19. SHARING IS CARING
• Analyze data through information sharing portals. Projects like fordrop look promising, but it can be a frigging restricted-access
wiki. Practitioners with areas of expertise can weigh in on detection/mitigation.
• When appropriate, publicly publish/share findings with larger InfoSec community.
• When I was at Emerging Threats, I tried to think about how I would tackle CVE-2010-3962 if still in OPSEC. I published my
findings here: http://rules.emergingthreats.net/research/WMetcalf-CVE-2010-3962/. If exploitation was seen in the wild, the
shared analysis dialogue may have gone something like this ...
20. Together we can do
Something beautiful
• NIDS Guy: “This will be impossible to sig with NIDS outside of the obfuscated JS sigs that trip.
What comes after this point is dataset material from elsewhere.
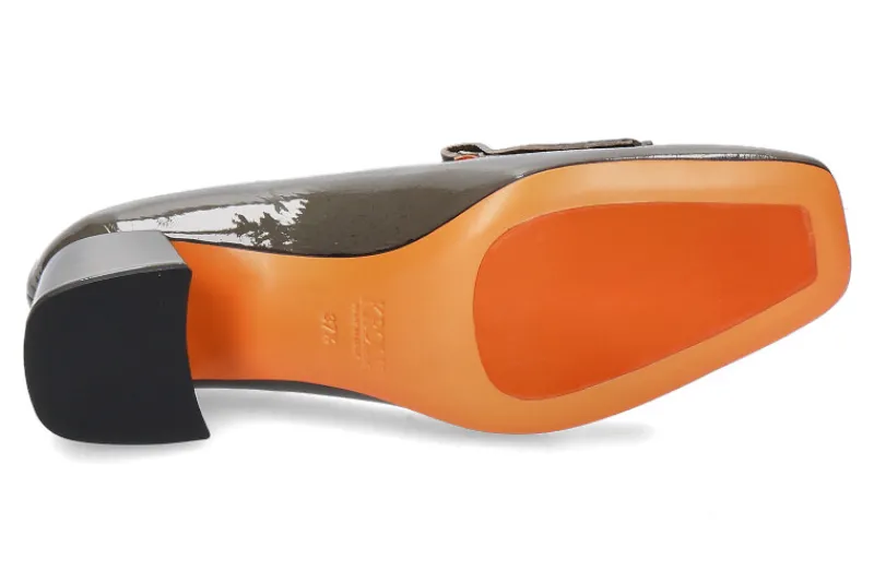 Der Trotteur mit Haferllasche aus grauem Lackleder ist ein stilvoller und eleganter Schuh für besondere Anlässe. Der 50 mm hohe Blockabsatz sorgt für einen stabilen und bequemen Stand, während die Karee-Form dem Schuh eine moderne und markante Silhouette verleiht. Die Ledersohle mit Gummieinsatz bietet zusätzlichen Halt und Langlebigkeit, ideal für längeres Tragen. Im Inneren sorgt das orangefarbene Lederfutter für einen auffälligen Kontrast und ein luxuriöses Tragegefühl. Dieser Schuh ist eine perfekte Kombination aus klassischem Design und modernen Details, ideal für die modebewusste Frau, die Wert auf Qualität und Stil legt. Perfekt kombinierbar mit verschiedenen Outfits, verleiht er jedem Look einen Hauch von Eleganz und Raffinesse.

Here are the alerts.”
• Log Analysis Guy: “Interesting, my process accounting audit logs show that iexplore.exe, fired off a notepad.exe process, which
then fired off cmd.exe. I can sig this.”
• EMET Guy: “Using this combination of EMET settings for the iexplore.exe executable, I'm able to stop successful exploitation,
and IE seems to function normally others please verify.”
• Proxy Guy: “This thing is trying to establish an SSL connection to a C&C server that is using a completely bogus cert. SSLBump
+ “sslproxy_cert_error deny all” is preventing the connection.”
• All Together in Unison: “Boy, I sure am glad we went to Will's talk and decided to start sharing.”